1939 /// When the ImplicitCode flag is true, it means that the Instruction
1940 /// with this DILocation has been added by the front-end but it hasn't been
1941 /// written explicitly by the user (e.g. cleanup stuff in C++ put on a closing
1942 /// bracket). It's useful for code coverage to not show a counter on "empty"
1943 /// lines.
1944 bool isImplicitCode() const { return SubclassData1; }
1945 void setImplicitCode(bool ImplicitCode) { SubclassData1 = ImplicitCode; }
1946
1947 DIFile *getFile() const { return getScope()->getFile(); }
1948 StringRef getFilename() const { return getScope()->getFilename(); }
1949 StringRef getDirectory() const { return getScope()->getDirectory(); }
1950 std::optional<StringRef> getSource() const { return getScope()->getSource(); }
1951
1952 /// Get the scope where this is inlined.
1953 ///
1954 /// Walk through \a getInlinedAt() and return \a getScope() from the deepest
1955 /// location.
1956 DILocalScope *getInlinedAtScope() const {
1957 if (auto *IA = getInlinedAt())
1958 return IA->getInlinedAtScope();
1959 return getScope();
1960 }
1961
1962 /// Get the DWARF discriminator.
1963 ///
1964 /// DWARF discriminators distinguish identical file locations between
1965 /// instructions that are on different basic blocks.
1966 ///
1967 /// There are 3 components stored in discriminator, from lower bits:
1968 ///
1969 /// Base discriminator: assigned by AddDiscriminators pass to identify IRs
1970 /// that are defined by the same source line, but
1971 /// different basic blocks.
1972 /// Duplication factor: assigned by optimizations that will scale down
1973 /// the execution frequency of the original IR.
1974 /// Copy Identifier: assigned by optimizations that clones the IR.

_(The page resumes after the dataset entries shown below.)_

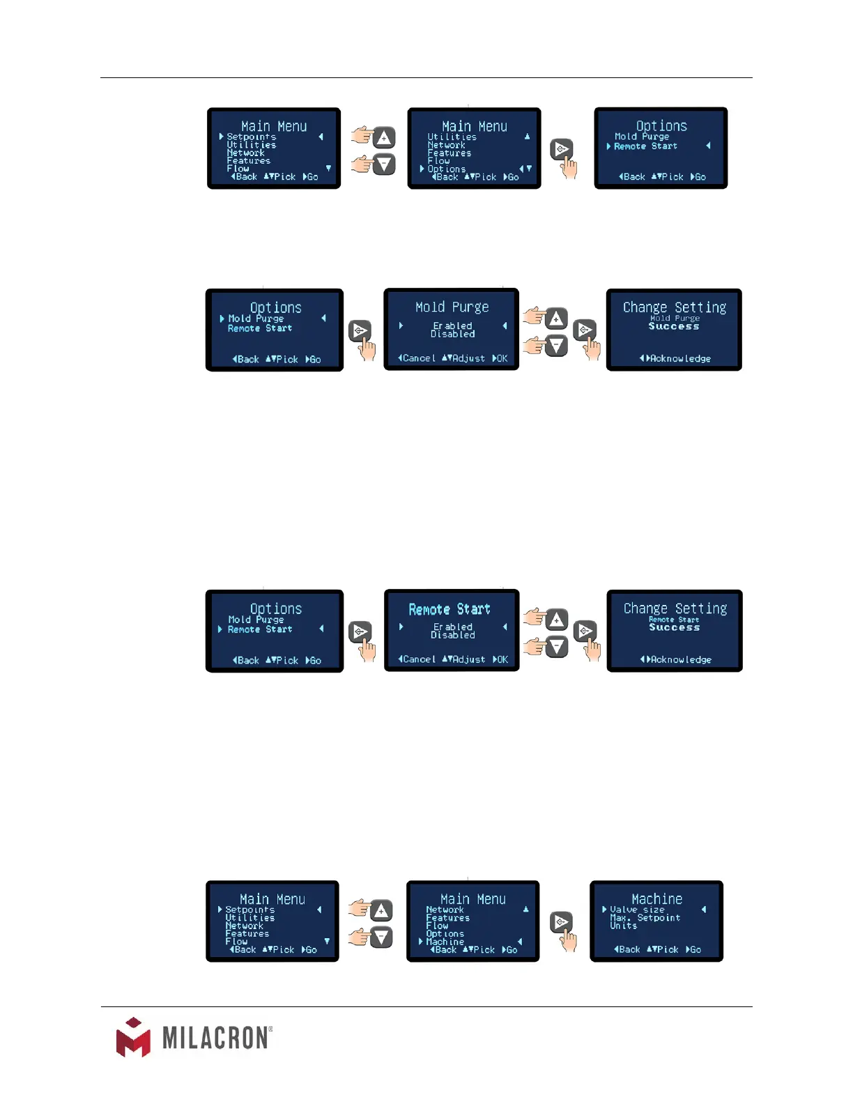 2. Advance to the Mold Purge Enable / Disable screen. Select Enabled to enable
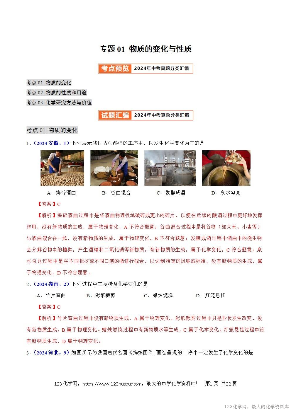 1.(2024安徽,1)下列展示我国古法酿酒的工序中,以发生化学变化为主的是
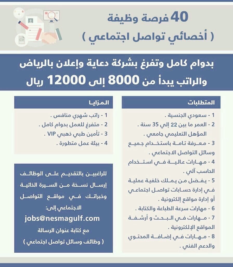 اعلانات وظايف V Twitter اكثر من ٤٠ وظيفة للشباب المهتمين بوسائل التواصل الاجتماعي ويرغبون بالعمل عليها رواتب تصل الي ١٢ ألف ومزايا وظائف Https T Co 8j0fghebo0
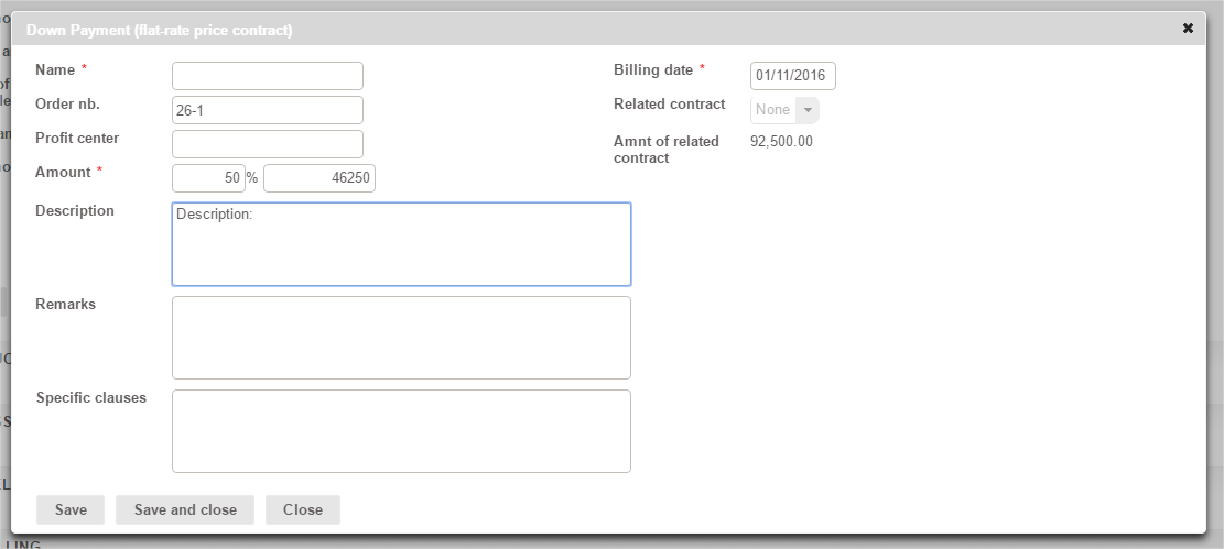- Amount: it can be filled in with numbers or % of total amount of the case
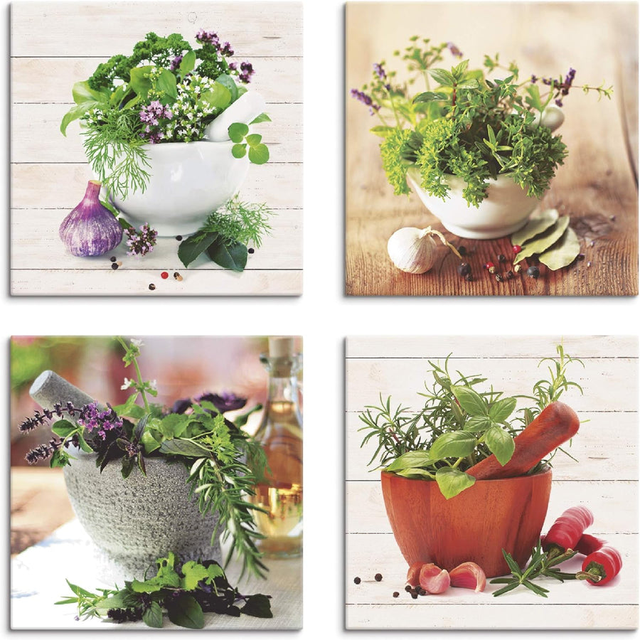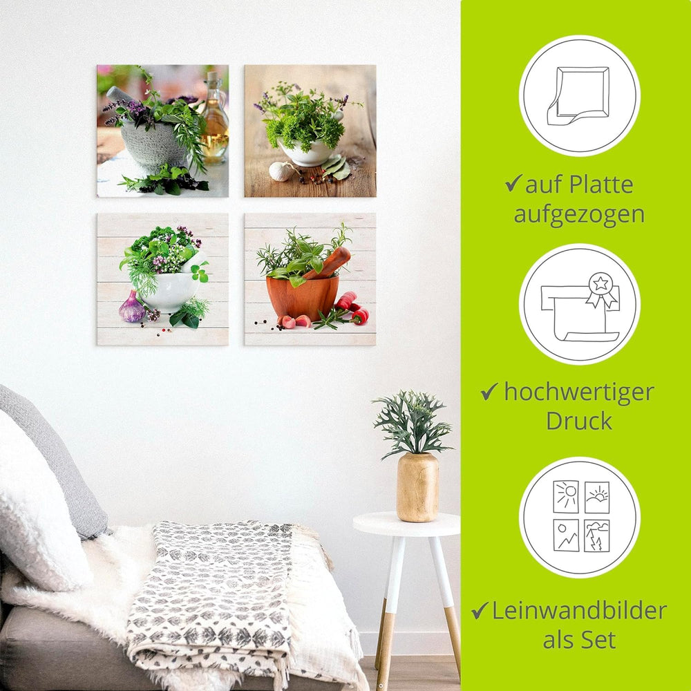ARTLAND Leinwandbilder auf Holz Wandbild Bild Set 4 teilig je 40x40 cm Quadratisch Stillleben Lebens
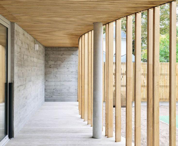 roof structure and detailing, while short circulation routes reduce material use, labour costs, and thermal weak points. A straw-insulated, clay-plastered envelope provides breathable walls, passive thermal regulation, and a tactile, grounding finish throughout.
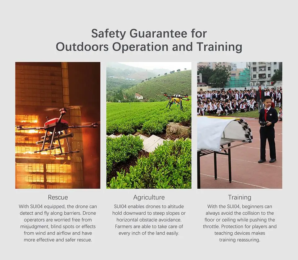 [Ультразвуковой Модуль]: SUI04-это Гибридный ультразвуковой датчик передачи и приема, он поможет дронам достичь автономного избегания препятствий в 8 направлениях по горизонтали, избегайте препятствий на верхней стороне и удерживайте высоту вниз.
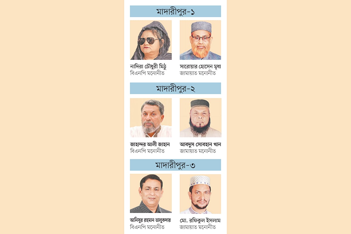 মাদারীপুরের ভোটের রাজনীতিতে দীর্ঘদিন আওয়ামী লীগের আধিপত্য ছিল। কার্যক্রম নিষিদ্ধ দলটি মাঠে না থাকায় নতুন সমীকরণ তৈরি হয়েছে। ইতিমধ্যে তিনটি আসনে প্রার্থী ঘোষণা করে নিজেদের অবস্থান জানান দিয়েছে বিএনপি ও জামায়াতে ইসলামী। নতুন দল জাতীয় নাগরিক পার্টি (এনসিপি) এখনো কোনো আসনে প্রার্থী ঘোষণা করেনি। তবে তিনটি আসনেই তৎপর দলের মনোনয়নপ্রত্যাশী তিন নেতা।
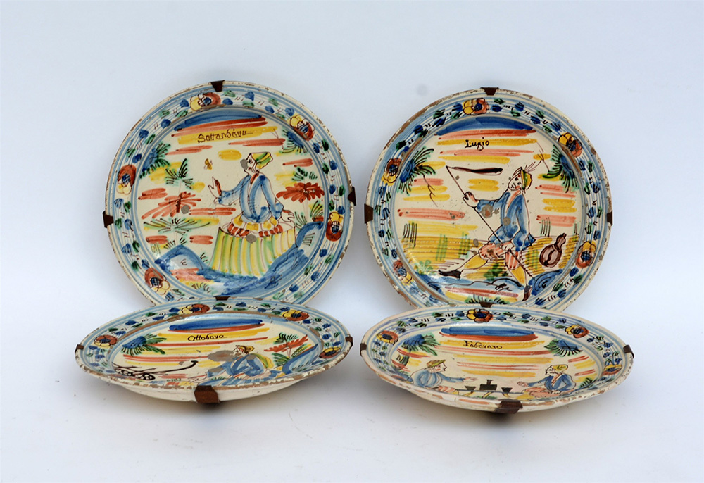 Lotto di quattro antichi piatti in ceramica policroma decorati con allegorie dei mesi di febbraio, luglio, settembre e ottobre (d cm 25) (difetti e restauri)
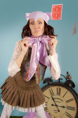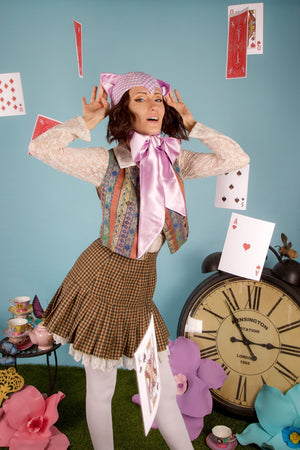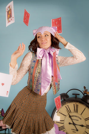 Say hello to your inner garden guardian. This pastel gingham cat bonnet, crafted from light cotton, features gentle pointed ears and satin ribbon ties for a dreamy, delicate look. Wrap it around your chin and transform into a curious kitty straight from a secret flower-filled glade.
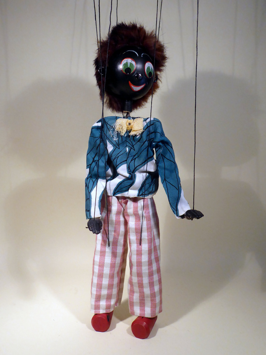Type SS Golly, he is in used condition. There is black paint on his shoe which would probably have occured at time of manufacture. He has rabbit fur hair, it has the join seam showing. Trousers are good, top has minor wear. Bow is frayed. The nose has paint loss. Hands look as if they may have been repainted.
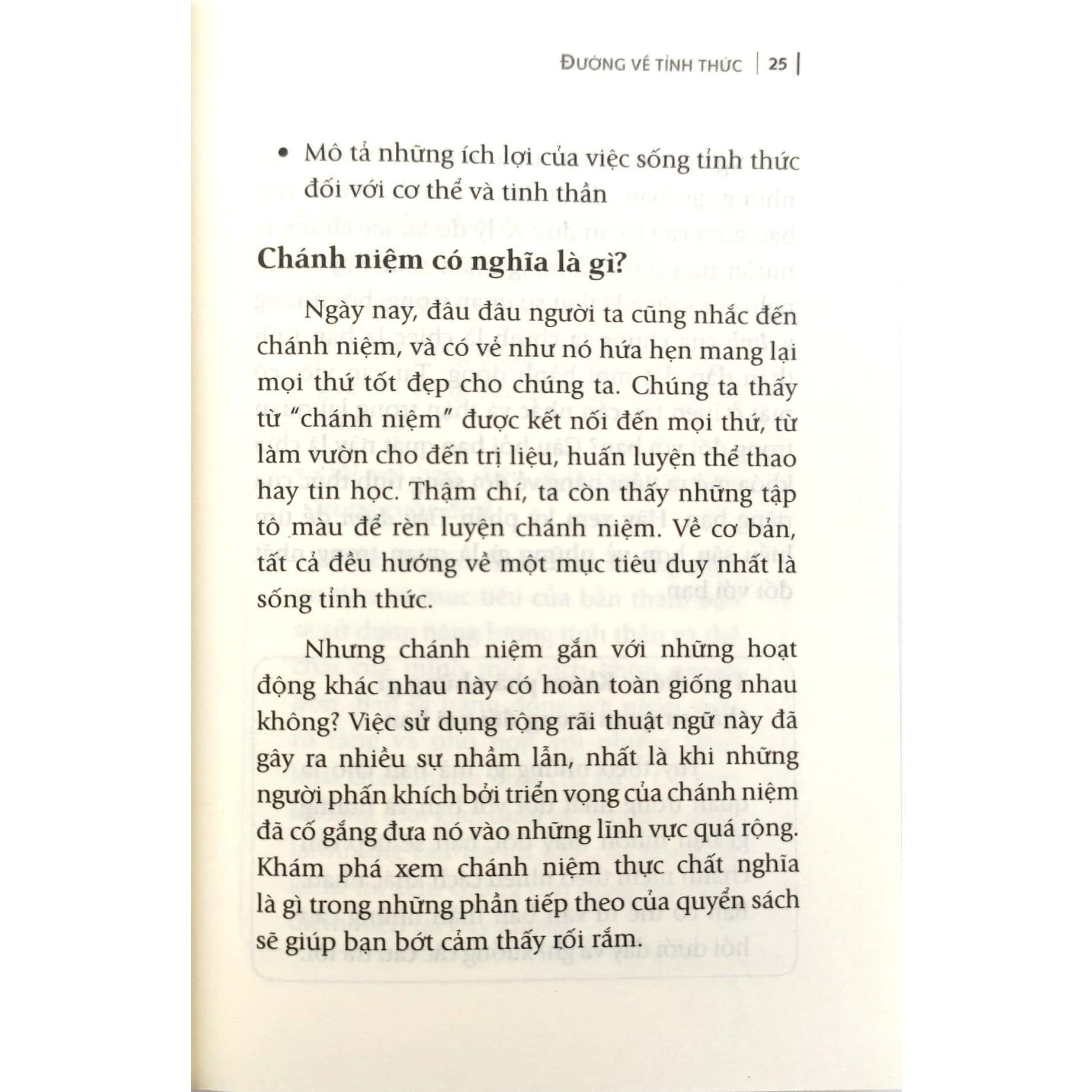 “Đường về tỉnh thức” là cuốn sách giúp bạn tiếp cận với Chánh niệm một cách gần gũi và dễ hiểu nhất. Thông qua cuốn sách, tác giả - Tiến sĩ Tamara Russell sẽ giúp bạn nhận ra những lầm tưởng của mọi người về Chánh niệm từ trước đến nay. Từ đó nhìn thấu được nguồn gốc, cơ chế, và ý nghĩa của nó trong cuộc sống thường nhật, để có sự cân nhắc trong từng hành động thay vì làm mọi thứ theo bản năng và thiếu suy nghĩ. Nữ tác giả cũng chia sẻ rằng, cuốn sách sẽ là người bạn đầu tiên của bạn trên hành trình dấn thân vào Chánh niệm, đặc biệt là khi bạn đặt sự tỉnh thức lên một vị trí quan trọng trong cuộc đời mình.
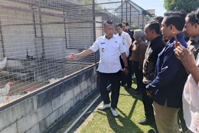 PONOROGO – Bupati kabupaten Ponorogo, Sugiri Sancoko memamerkan keberhasilannya dalam berternak ayam petelur skala kecil dihadapan 20 orang perwakilan anggota BUMDES se-kabupaten Ponorogo di halaman belakang rumah dinas Bupati, Rabu, (16/07/2025).
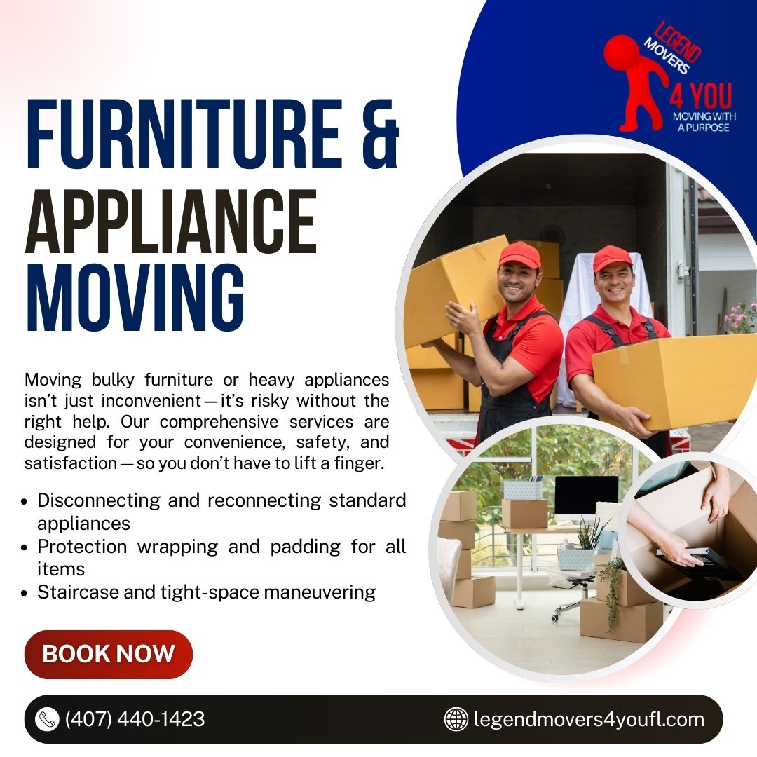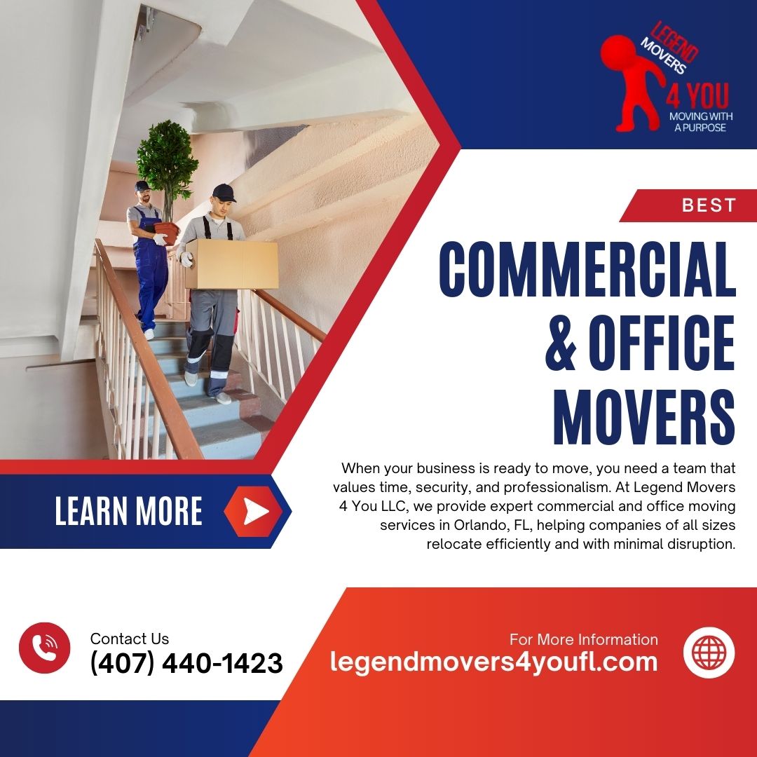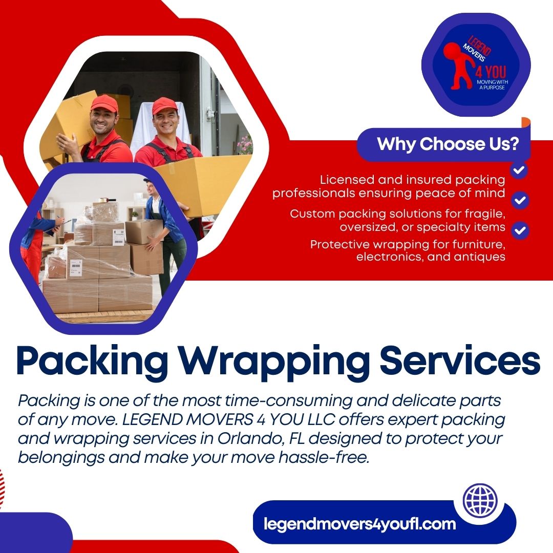 Legend Movers 4 You LLC – Moving With a Purpose is a trusted Orlando moving company serving residential and commercial clients with 20+ years of experience. Based in Orlando, Florida, we provide professional local and long-distance moving services throughout Central Florida. Our experienced movers specialize in apartment moves, home relocations, and office moving with careful furniture protection and efficient loading techniques. Operating 24 hours a day, 7 days a week, we are committed to reliability, professionalism, and delivering smooth, stress-free moving experiences for every client we serve.
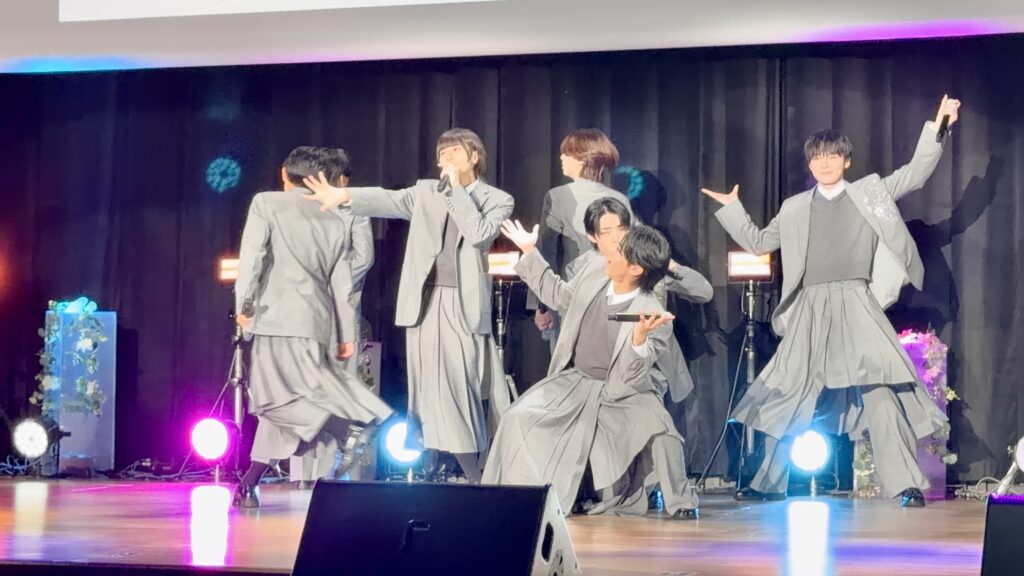 興梠大和(こうろき・やまと)さん「まずは初披露が終わり、少し安心しているのと同時に、今日は『楽しかったな』という気持ちでいっぱいです。今回の振り付けは、自分の見せ方という部分でリハーサルから非常に苦戦しました。特に大人数でフォーメーションを合わせる難しさを痛感しています。 まだまだ改善点はありますが、僕たちにはシアターという大きな武器があります。シアターやこれからのイベントを通して、僕たちがパワーアップし、成長していく過程をファンの皆様に見ていただけたらありがたいです。本日はありがとうございました」

1975 /// Each copy of the IR will be assigned an identifier.
1976 ///
1977 /// Encoding:
1978 ///
1979 /// The above 3 components are encoded into a 32bit unsigned integer in
1980 /// order. If the lowest bit is 1, the current component is empty, and the
1981 /// next component will start in the next bit. Otherwise, the current
1982 /// component is non-empty, and its content starts in the next bit. The
1983 /// value of each components is either 5 bit or 12 bit: if the 7th bit
1984 /// is 0, the bit 2~6 (5 bits) are used to represent the component; if the
1985 /// 7th bit is 1, the bit 2~6 (5 bits) and 8~14 (7 bits) are combined to
1986 /// represent the component. Thus, the number of bits used for a component
1987 /// is either 0 (if it and all the next components are empty); 1 - if it is
1988 /// empty; 7 - if its value is up to and including 0x1f (lsb and msb are both
1989 /// 0); or 14, if its value is up to and including 0x1ff. Note that the last
1990 /// component is also capped at 0x1ff, even in the case when both first
1991 /// components are 0, and we'd technically have 29 bits available.
1992 ///
1993 /// For precise control over the data being encoded in the discriminator,
1994 /// use encodeDiscriminator/decodeDiscriminator.
1995
1996 inline unsigned getDiscriminator() const;
1997
1998 // For the regular discriminator, it stands for all empty components if all
1999 // the lowest 3 bits are non-zero and all higher 29 bits are unused(zero by
2000 // default). Here we fully leverage the higher 29 bits for pseudo probe use.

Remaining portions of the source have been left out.